Records from a dataset
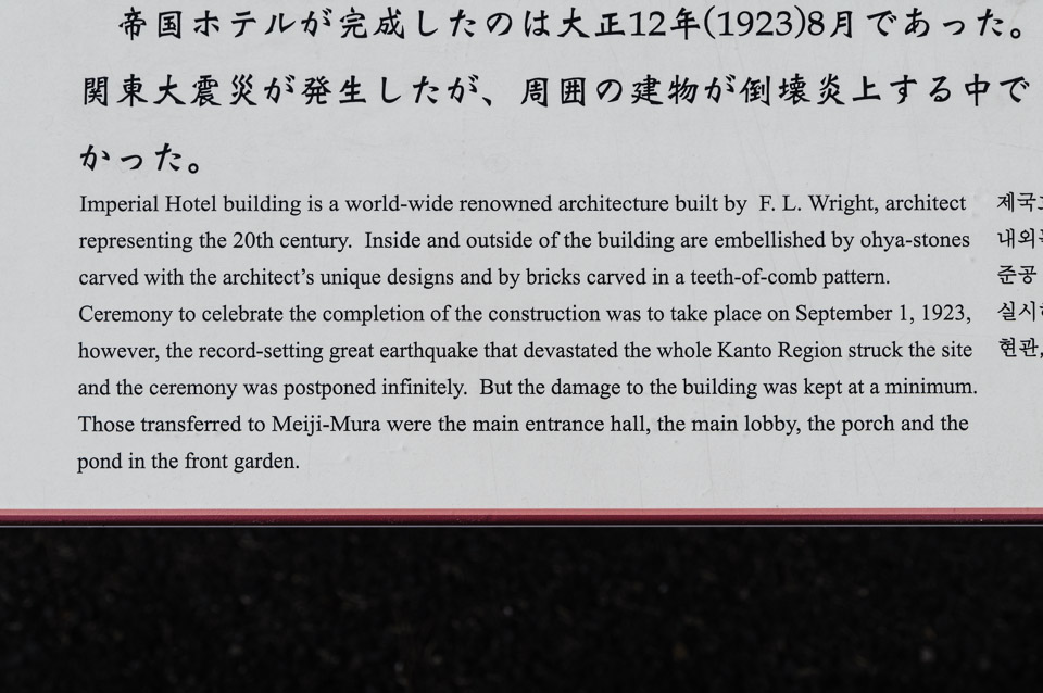 One of the buildings featured at Meiji-Mura is the lobby section of Frank Lloyd Wright's Imperial Hotel.
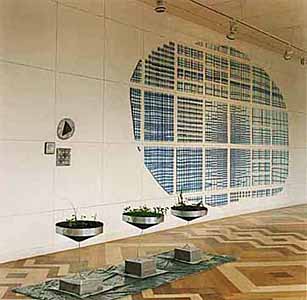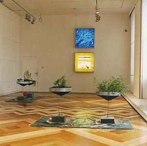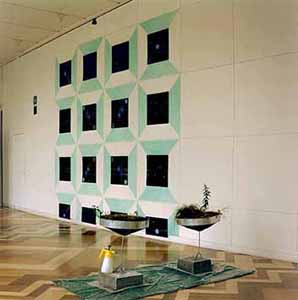 Show-window containing shells, earth, pigments, fat and oil BOOM / TREE colourpencil on paper drawing in gilded frame, 50 x 50 cm 3 copies of drawings 2 - 90 x 90cm 1 - 50 x 50cm
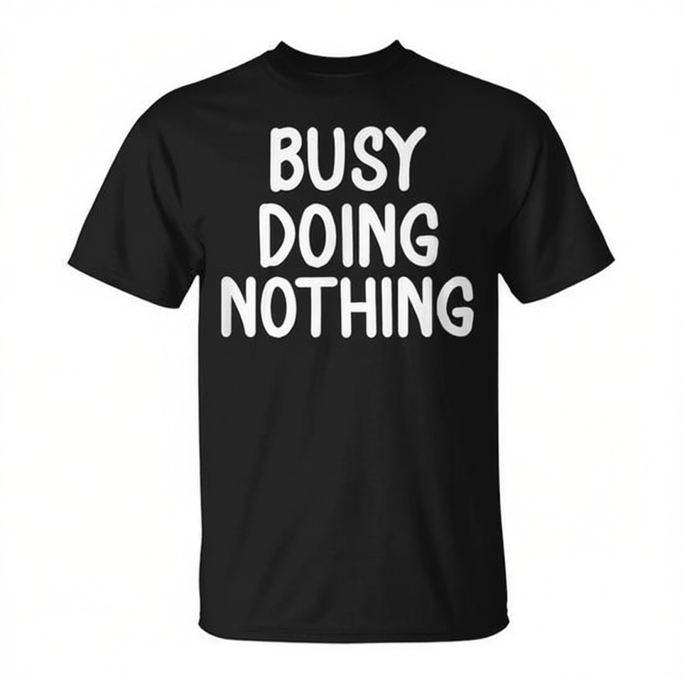 T-shirt unisex per adulti con stampa serigrafica, girocollo, manica corta, con scritta 'Busy Doing Nothing', divertente e sarcastica.
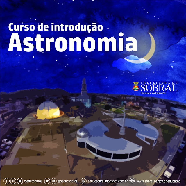 O Planetário de Sobral promoverá curso gratuito de Introdução à Astronomia. São oferecidas 100 vagas e as inscrições poderão ser realizadas de 18 de julho a 20 de agosto, no blog da Secretaria da Educação de Sobral (http://seducsobral.blogspot.com.br).
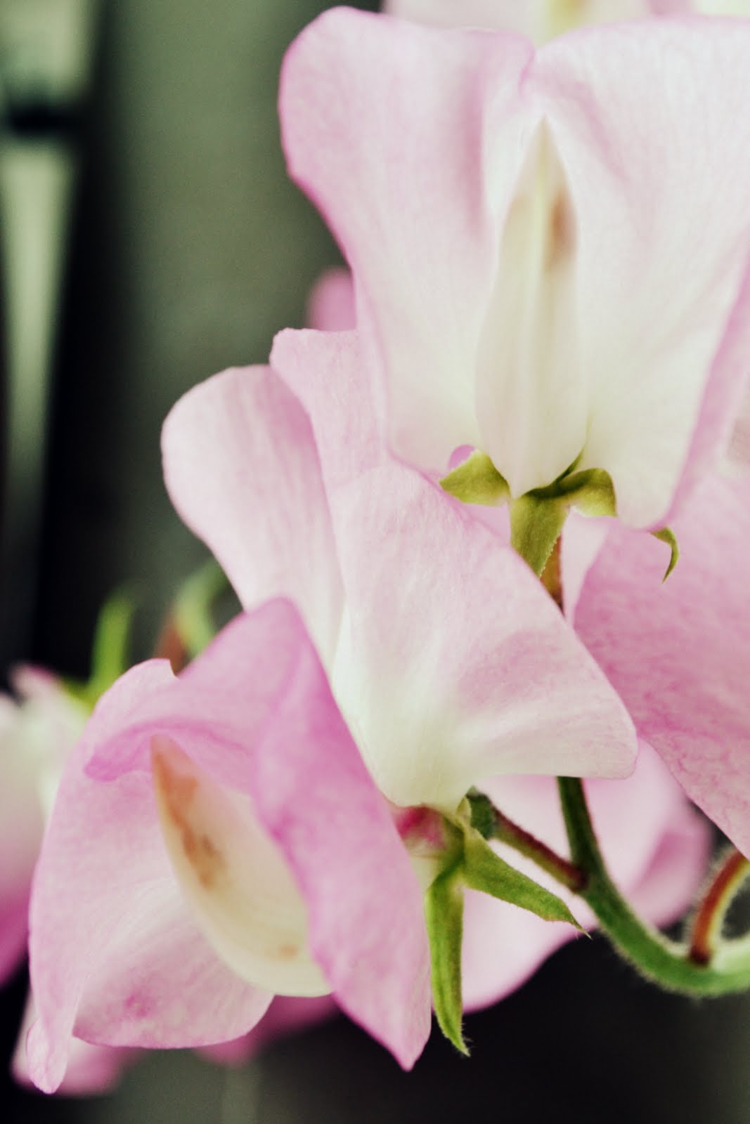 De tuin gaat gelukkig wel door, (het onkruid helaas ook) dus ik heb maar wat zomer naar binnen gehaald. De rose Lathyrus steekt prachtig af tegen mijn zand- en taupekleurige sierflessen.
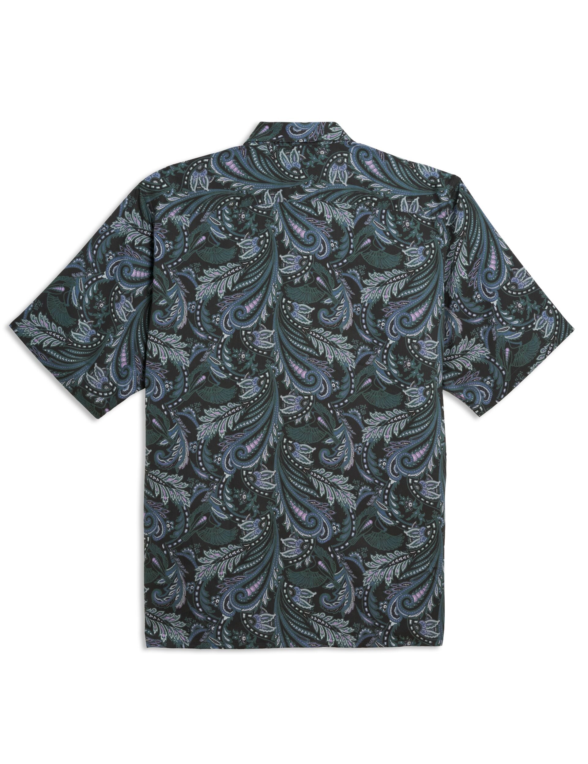 Elevate your warm-weather wardrobe with this sophisticated short sleeve shirt that showcases an intricate paisley print across its entire surface. The flowing, ornate pattern brings heritage-inspired elegance to casual styling, while the relaxed fit and breathable construction ensure effortless comfort. Perfect for transitioning from daytime leisure to evening occasions with refined ease.
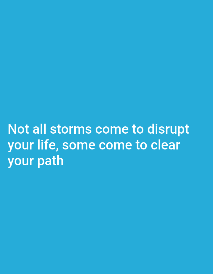 The image displays a solid turquoise-blue background, uniform across the entire frame. White sans-serif text is centered horizontally in the lower third of the image. The text reads: "Not all storms come to disrupt your life, some come to clear your path". No people, physical objects (other than the text itself), actions, or interactions are depicted. The scene is a two-dimensional digital graphic, not a photographic representation of a physical environment. There are no visual elements within the image to indicate a specific geographic location, such as Ouislane, Morocco, or any other city or landscape.
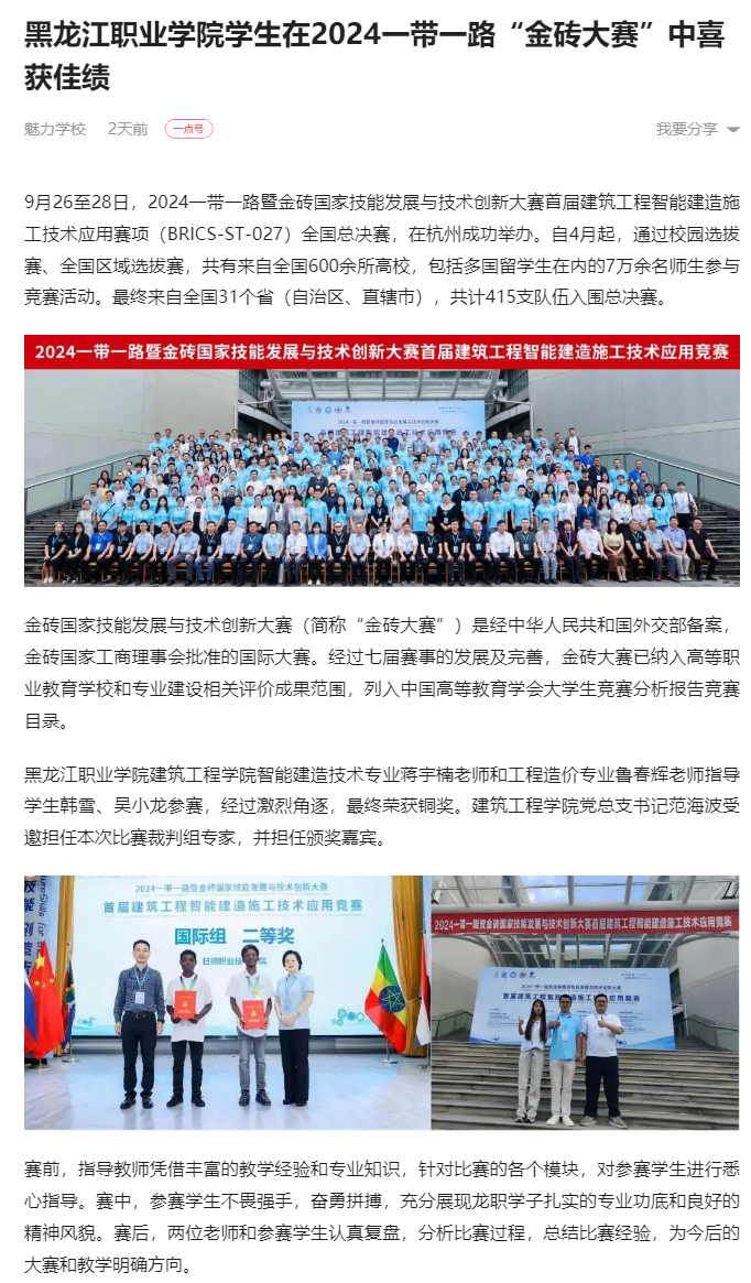上一篇:【百度新闻】黑龙江职业学院学生在2024一带一路“金砖大赛”中喜获佳绩
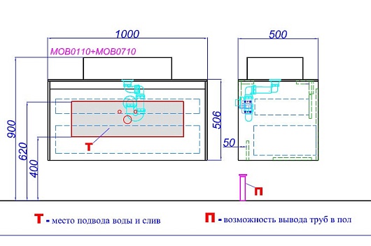 - Корпус подвесной тумбы 100 см под умывальник, арт. MOB0110W, белый
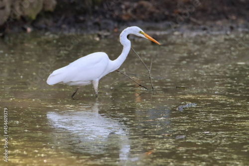 © Catalin, Fototapeta premium Reflection in water of an egret
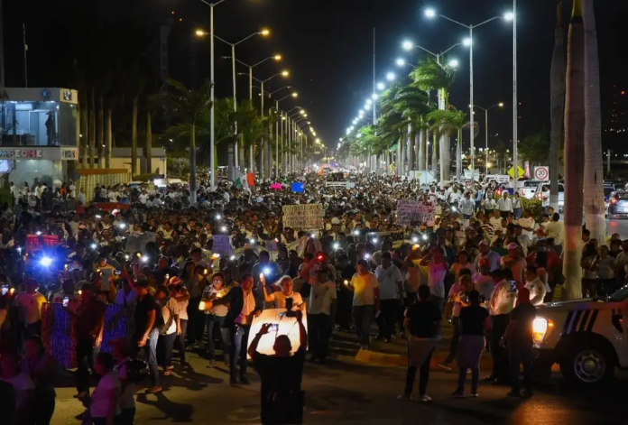 Bajo el contundente grito de “¡Fuera Layda, Fuera Layda!”, los ciudadanos expresaron su descontento durante la tarde y noche de la protesta, sumándose así a la exigencia que desde el 16 de marzo mantienen los policías estatales en una protesta pacífica.
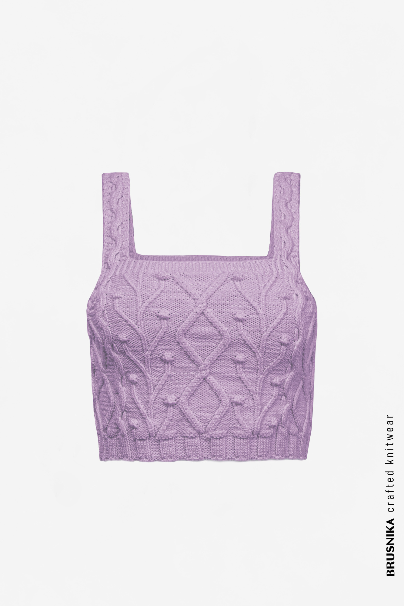 A textured cotton crop top with wide straps goes well with both trousers and skirts.
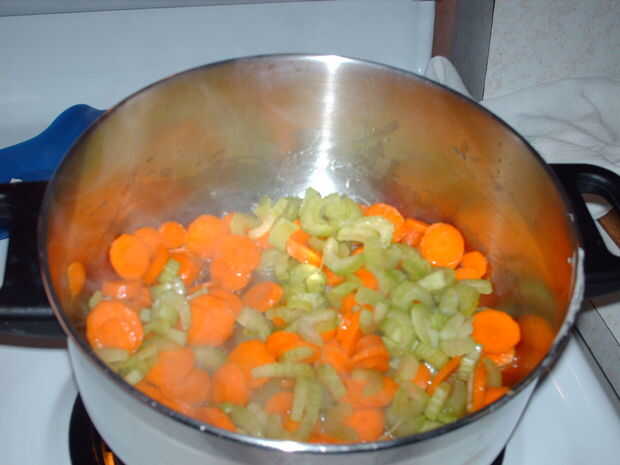 2. acitronar zanahorias y apio, asegurándose de que no cojan color.
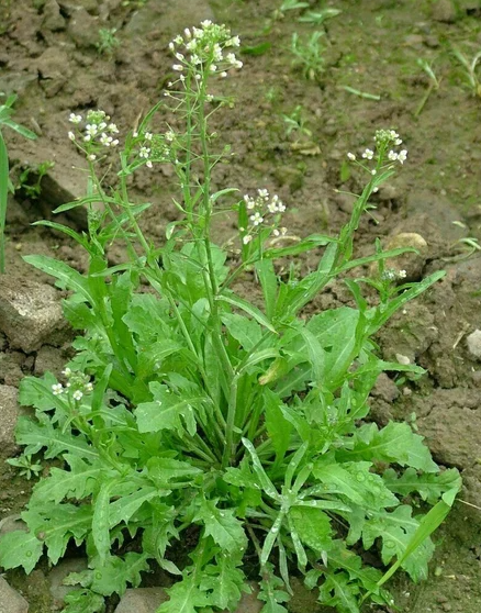 Annual herb to 0.6 m, Shepherd’s Purse yields peppery, edible leaves. European native, thrives in cool, sunny conditions. Edible and medicinal, ideal for salads.
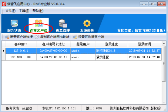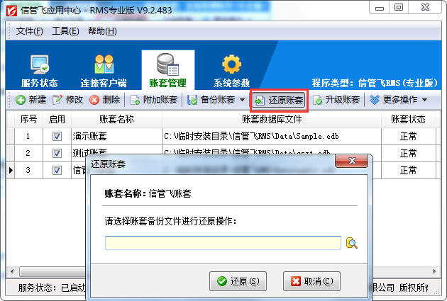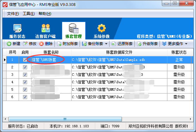 ????打開信管飛RMS應用中心(桌面右下角紅色的圖標)—》“賬套管理”即可進入賬套管理界面,如下圖所示:
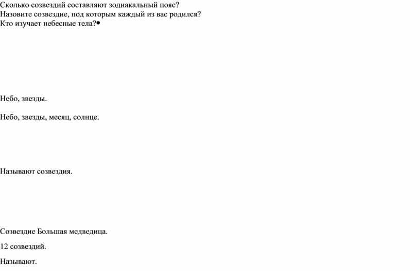 Сколько созвездий составляют зодиакальный пояс? Назовите созвездие, под которым каждый из вас родился? Кто изучает небесные тела? |
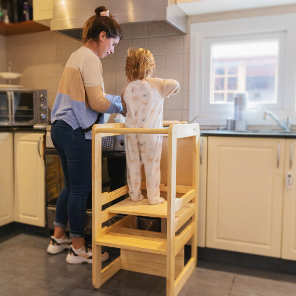 Ahora pueden cocinar juntos en la mesada sin riesgo de que se caiga de la silla, puede comer parado a la misma altura que todos en la mesa, puede cepillarse los dientes solito... y así fomentar su independencia!
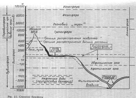 Нижняя граница биосферы опускается на 2-3 км от поверхности суши и на 1-2 км ниже дна океана. Верхней границей биосферы служит защитный озоновый слой.
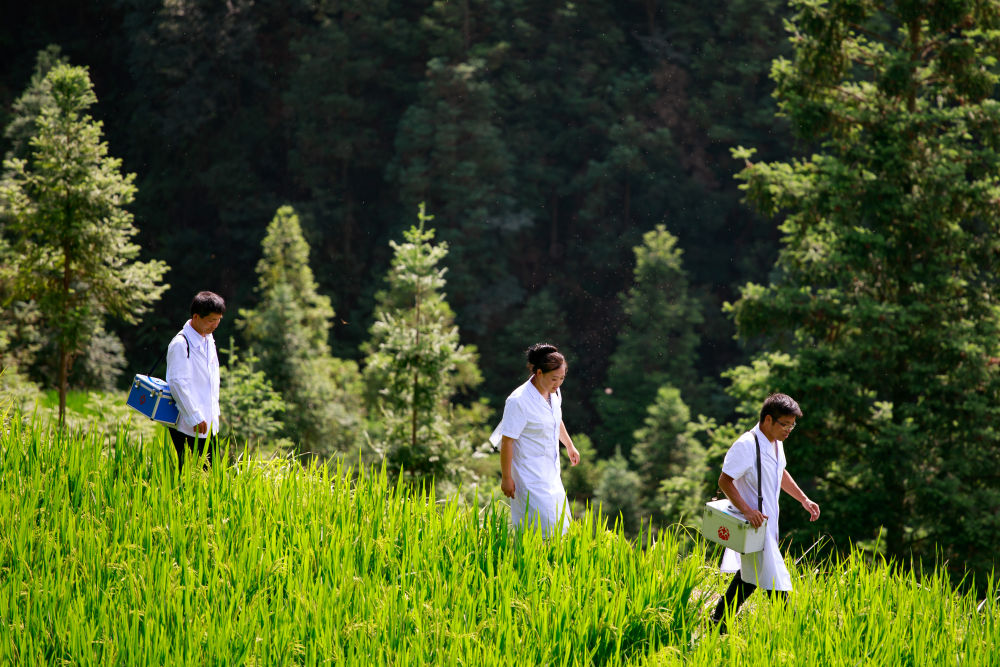 ↑贵州省黔东南苗族侗族自治州榕江县忠诚镇,村医吴昌喜(左)、吴涛(右)、项昌会走在榕江县忠诚镇定弄村郊外的田埂上(8月16日摄)。吴昌喜和儿子吴涛、儿媳项昌会都是村医,呵护着三个村820多户、3660多名群众的健康。

### Your instructions
Omitting all pictures, reproduce the records above in their entirety.

### Solved problem
 One of the buildings featured at Meiji-Mura is the lobby section of Frank Lloyd Wright's Imperial Hotel.
 Show-window containing shells, earth, pigments, fat and oil BOOM / TREE colourpencil on paper drawing in gilded frame, 50 x 50 cm 3 copies of drawings 2 - 90 x 90cm 1 - 50 x 50cm
 T-shirt unisex per adulti con stampa serigrafica, girocollo, manica corta, con scritta 'Busy Doing Nothing', divertente e sarcastica.
 O Planetário de Sobral promoverá curso gratuito de Introdução à Astronomia. São oferecidas 100 vagas e as inscrições poderão ser realizadas de 18 de julho a 20 de agosto, no blog da Secretaria da Educação de Sobral (http://seducsobral.blogspot.com.br).
 De tuin gaat gelukkig wel door, (het onkruid helaas ook) dus ik heb maar wat zomer naar binnen gehaald. De rose Lathyrus steekt prachtig af tegen mijn zand- en taupekleurige sierflessen.
 Elevate your warm-weather wardrobe with this sophisticated short sleeve shirt that showcases an intricate paisley print across its entire surface. The flowing, ornate pattern brings heritage-inspired elegance to casual styling, while the relaxed fit and breathable construction ensure effortless comfort. Perfect for transitioning from daytime leisure to evening occasions with refined ease.
 The image displays a solid turquoise-blue background, uniform across the entire frame. White sans-serif text is centered horizontally in the lower third of the image. The text reads: "Not all storms come to disrupt your life, some come to clear your path". No people, physical objects (other than the text itself), actions, or interactions are depicted. The scene is a two-dimensional digital graphic, not a photographic representation of a physical environment. There are no visual elements within the image to indicate a specific geographic location, such as Ouislane, Morocco, or any other city or landscape.
上一篇:【百度新闻】黑龙江职业学院学生在2024一带一路“金砖大赛”中喜获佳绩
 - Корпус подвесной тумбы 100 см под умывальник, арт. MOB0110W, белый
 © Catalin, Fototapeta premium Reflection in water of an egret
 Bajo el contundente grito de “¡Fuera Layda, Fuera Layda!”, los ciudadanos expresaron su descontento durante la tarde y noche de la protesta, sumándose así a la exigencia que desde el 16 de marzo mantienen los policías estatales en una protesta pacífica.
 A textured cotton crop top with wide straps goes well with both trousers and skirts.
 2. acitronar zanahorias y apio, asegurándose de que no cojan color.
 Annual herb to 0.6 m, Shepherd’s Purse yields peppery, edible leaves. European native, thrives in cool, sunny conditions. Edible and medicinal, ideal for salads.
 ????打開信管飛RMS應用中心(桌面右下角紅色的圖標)—》“賬套管理”即可進入賬套管理界面,如下圖所示:
 Сколько созвездий составляют зодиакальный пояс? Назовите созвездие, под которым каждый из вас родился? Кто изучает небесные тела? |
 Ahora pueden cocinar juntos en la mesada sin riesgo de que se caiga de la silla, puede comer parado a la misma altura que todos en la mesa, puede cepillarse los dientes solito... y así fomentar su independencia!
 Нижняя граница биосферы опускается на 2-3 км от поверхности суши и на 1-2 км ниже дна океана. Верхней границей биосферы служит защитный озоновый слой.
 ↑贵州省黔东南苗族侗族自治州榕江县忠诚镇,村医吴昌喜(左)、吴涛(右)、项昌会走在榕江县忠诚镇定弄村郊外的田埂上(8月16日摄)。吴昌喜和儿子吴涛、儿媳项昌会都是村医,呵护着三个村820多户、3660多名群众的健康。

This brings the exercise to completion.